Start a new job or career if your job is making you want to escape. A new job could be the change you’re looking for. Browse job listings and look for ones that you’re qualified for. You may also want to brush up on your job skills by attending classes or workshops. It’s best to wait until you have a new job before quitting your old one. If you aren’t ready to leave your job, talk to your boss about changes you can make at your current job. You may be able to take on new responsibilities, spruce up your workspace, or change up your schedule.

Go back to school. Get a degree in a field that you love. You could look for either an in-person program or one that you attend online. This could help you find a job that you truly enjoy.

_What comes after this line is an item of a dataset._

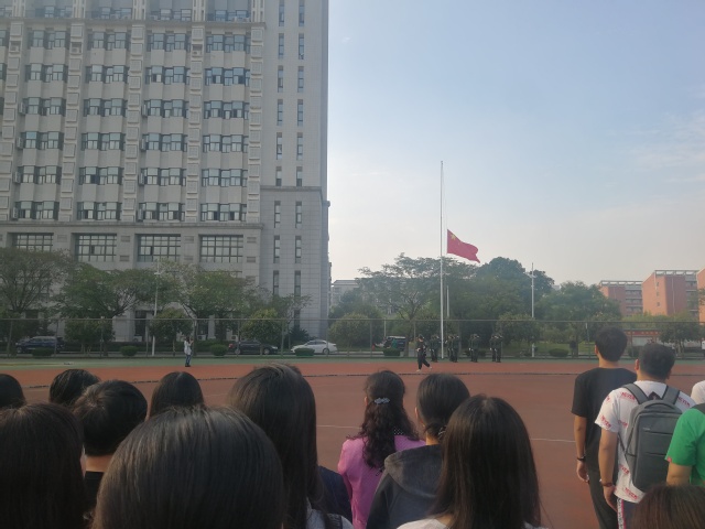 金秋送爽,丹桂飘香。7点40分,伴随着嘹亮激昂的《义勇军进行曲》,鲜艳的五星红旗冉冉升起,全体人员肃穆而立,向国旗行注目礼,为伟大祖国送上深情祝福,祝愿伟大祖国更加繁荣昌盛。

Make sure that the program you choose is accredited. Nonprofit schools are usually less expensive. Make sure you know if your school is for-profit or nonprofit before you start taking courses. Check the earning potential for your field before you take out student loans to pay for school.

Move to a new apartment or a new city. Starting over somewhere new is the ultimate escape. Although it may sound impossible, you can do it. Set aside money each paycheck to help you get started in your new city, and start looking for a job or school there. You can also raise money by selling off some of your belongings. The less stuff you have, the easier it will be to move and start over. If money is an obstacle, look for a roommate. If you’re moving to a new area, don’t stress about finding your dream apartment or house right away. You may be able to find a room for rent or a small studio or garage apartment to start your new life more affordably.

Confront relationship problems, if you have them. You may be able to work through your problems in counseling. Alternatively, sometimes it’s best to move on. Starting over is hard, even if you’re the one who wants to leave the relationship. However, it may be better in the long-term. Listen to your gut. If it says you deserve better, trust it. Although you may hurt over losing the relationship, you’ll feel better in time. Tell your partner how you’re feeling. Say, “I haven’t been happy in a longtime. I think we need to see a counselor.” If the person is a friend or family member, talk it out.